L’une avait été liseuse, l’autre veilleuse. La liseuse ne pouvait plus lire, la veilleuse n’arrivait plus à veiller. Pas assez de lecture tue, disait l’une. Trop de veille nuit gravement à la santé, disait l’autre.

Rejetées puis chassées de leur pays en guerre, elles erraient par ici, après avoir franchi la rivière de nuit. Elles pensaient trouver refuge de l’autre côté du pont, chez La Recluse, une femme vivant cloîtrée dans sa maison après un malheur. Elles étaient déterminées à faire une étape chez cette femme que les habitants des quais laissaient en paix, chacun lui déposant à tour de rôle la nourriture nécessaire à sa survie.

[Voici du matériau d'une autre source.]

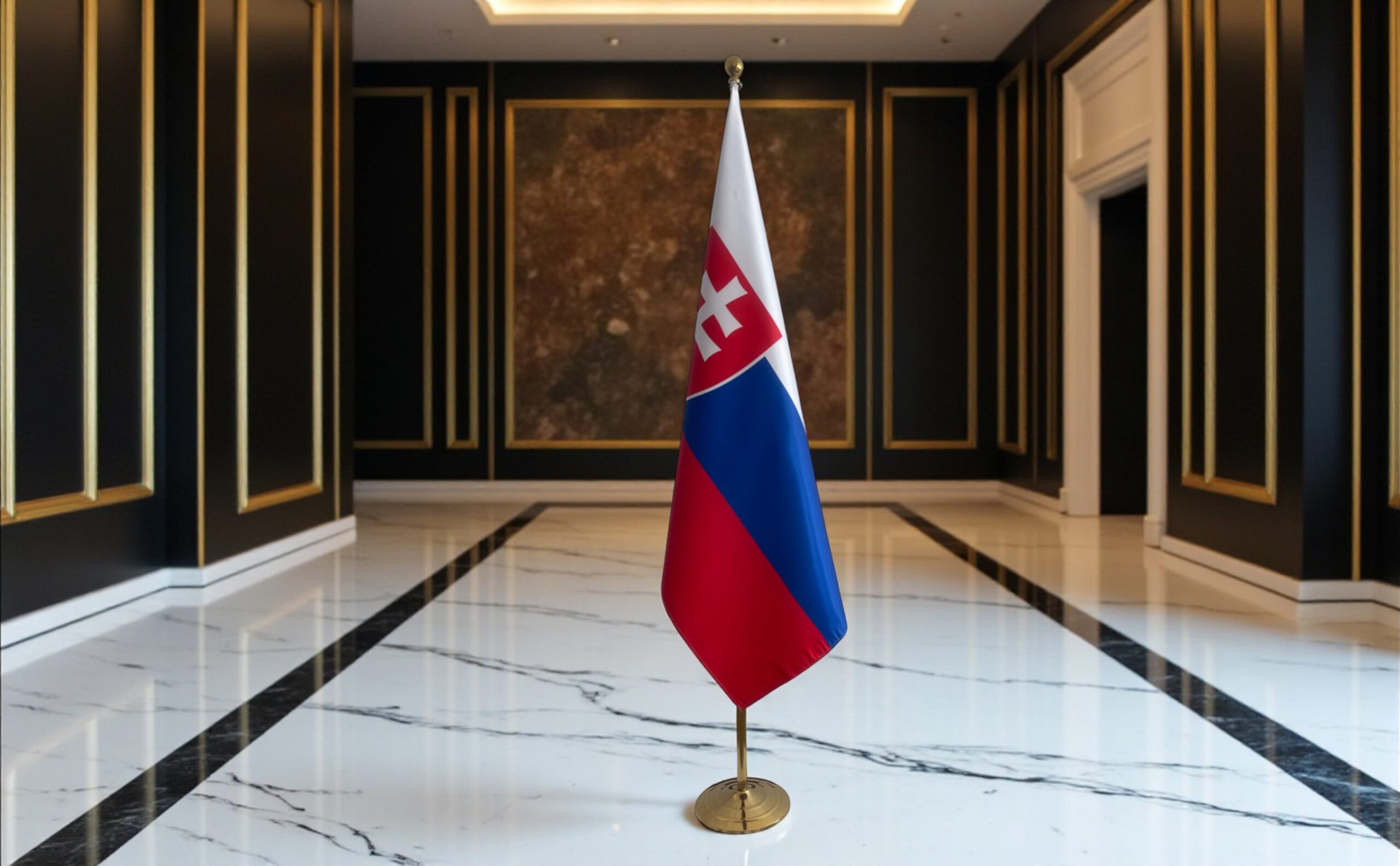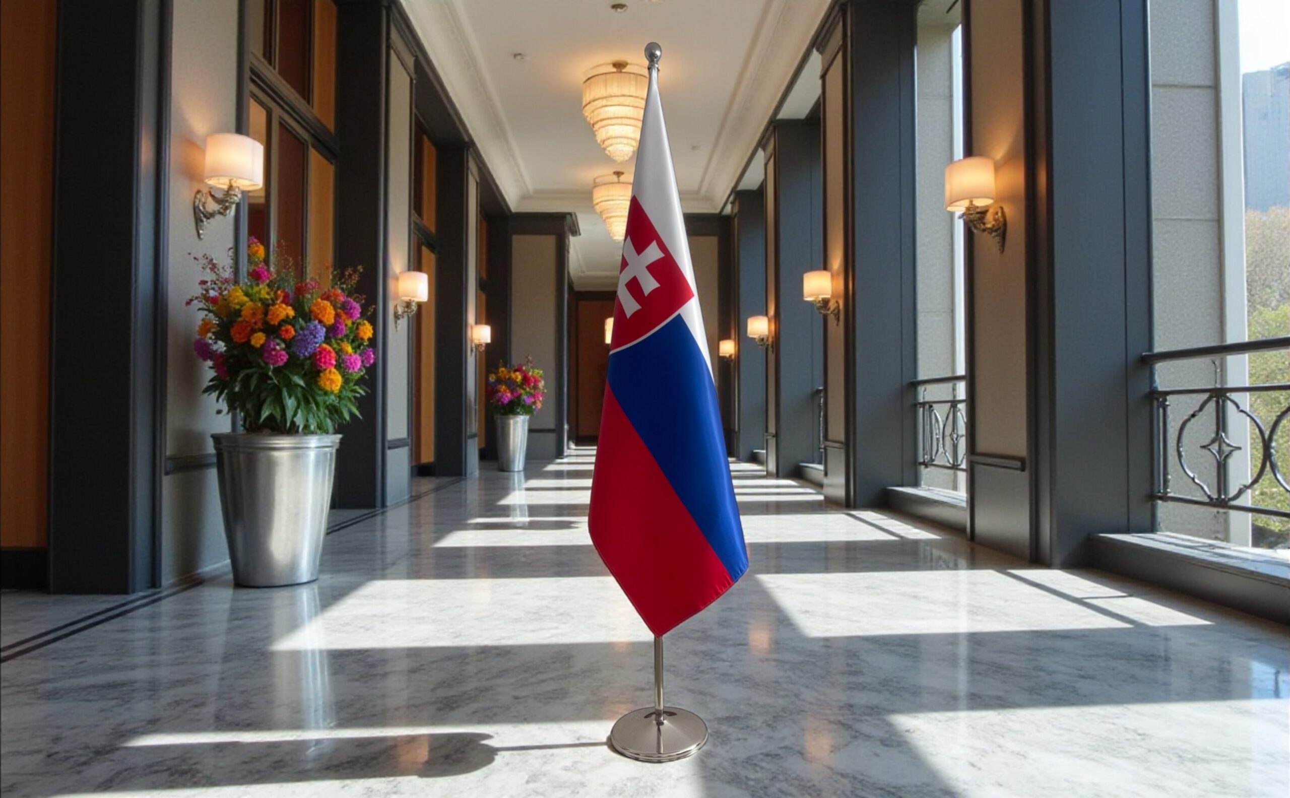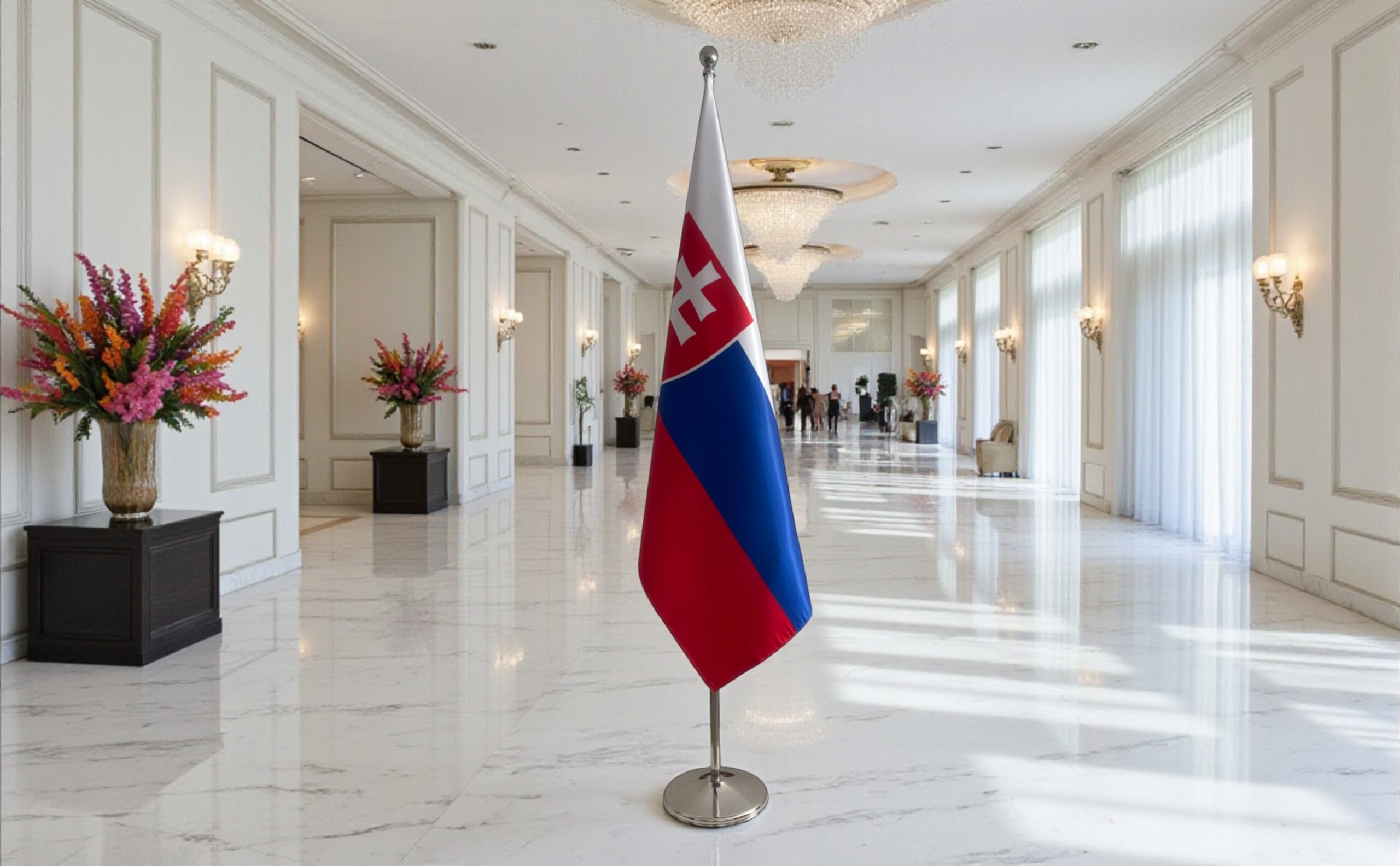 Suport cu lance si steagul Slovaciei, disponibile cu finisaj argintiu sau auriu, potrivite pentru utilizare la interior și în orice spațiu oficial. Lance solida, prevăzuta cu vârf ascutit sau tip bilă, care îmbină robustețea cu eleganța și pune în valoare drapelul într-un mod rafinat și profesional. Ideal pentru ambasade, consulate, săli de ședință, universități, birouri sau spații de recepție oficiale, acest soclu durabil asigură o prezentare prestigioasă în cadrul ceremoniilor, expozițiilor, reuniunilor importante sau evenimentelor oficiale.

Les deux femmes m’ont demandé où elles pouvaient la trouver.

Je n’ai pas osé leur dire que cela se passait à l’époque lointaine de la Batellerie.

Je les ai installées avec des couvertures et des coussins au garage, pour que le jour des passants mal intentionnés ne les voient pas. Mes fenêtres donnent sur la rue, et des lois scélérates dans mon pays refusent les Sans- Sommeil, préférant les parquer dans les camps de la honte.